Taking Aim: Daring to Be Different, Happier, and Healthier in the Great Outdoors is Eva Shockey’s story of becoming an acclaimed bow hunter. She says, “”My story is about discovering your dream. It’s about following your passion, mastering your skills, taking aim no matter who thinks you’re crazy…and then letting the arrow fly. If you’ve done all you can, I can tell you that you’re almost certain to hit your mark.”

– For anyone who likes the nitty-gritty details of training, When Nobody Was Watching: My Hard-Fought Journey to the Top of the Soccer World by Carli Lloyd is a good choice. Carli is an incredibly focused soccer player whose drive and determination has helped her team to Olympic and Women’s World Cup fame.

– Never heard of Annie Smith Peck? You’re not alone. In Hannah Kimberley’s biography of her, A Woman’s Place Is At the Top: A Biography of Annie Smith Peck, Queen of the Climbers, we learn that Peck was “a scholar, educator, writer, lecturer, mountain climber, suffragist, and political activist” (Amazon) who climbed the Matterhorn at the age of 45 – wearing pants, shockingly.
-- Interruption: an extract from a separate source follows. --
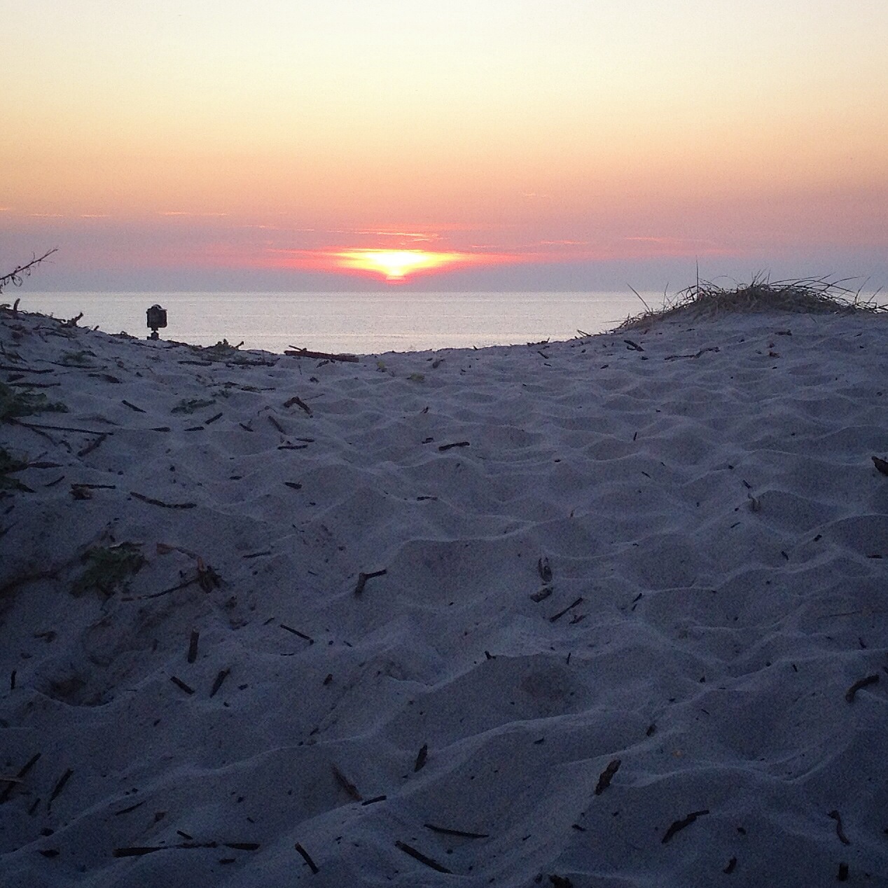 Eg trur ikkje eg kan hugsa maken til slike fine haustveker som dei me har hatt i år. På dagane er det nesten sommartemperaturar, medan kveldane er blitt kaldare, mørkare og skarpare. I går kveld, litt før halv åtte, bestemte me oss for å dra ned til sjøen. Eg trudde me hadde god tid til å nyta solnedgangen, for solkula hang framleis eit godt stykke over horisonten, men det viste seg at me faktisk var seint ute. Det gjekk opp for meg at eg ikkje heilt har forstått kor seint på året det har blitt, for dagane er framleis fulle av seinsommar. Då me nådde ned til Orrestranda, var sola i ferd med å siga heilt ned i havet, hylla inn i ein rosaoransje dis. Havet låg der og blenkte i kvitt og metall, og nokre lette skyer hang glødande og lyste lågt på himmelen. Det vr til og med ei vertikal lysande sky der, som gjorde at himmelen nesten var krossmerkt. Folk bada i det glødande kveldslyset, og eg angra nesten litt på at eg ikkje hadde badetøy med meg. Eg har aldri bada på jærstrendene i siste halvparten av september, men i går kunne eg faktisk hatt lyst til å gjera det. I staden vart eg gåande og vassa i nærare ein time og bløytte ut både tights og kjolekant. I natt vakna eg med skikkeleg vondt i halsen, men viss det er nokon som helst samanhang med nestenbadinga i går, så var det faktisk verd det.

Hopefully, with Kimberley’s biography, her pioneering, adventurous spirit will begin to be recognized.

– Babe Didrikson was an incredible all-around athlete who never met a sport she didn’t like. Wonder Girl: The Magnificent Sporting Life of Babe Didrickson Zaharias by Don Van Natta Jr. is her biography, telling the story of an athlete who knew her worth, never backed down, and broke barriers for women everywhere.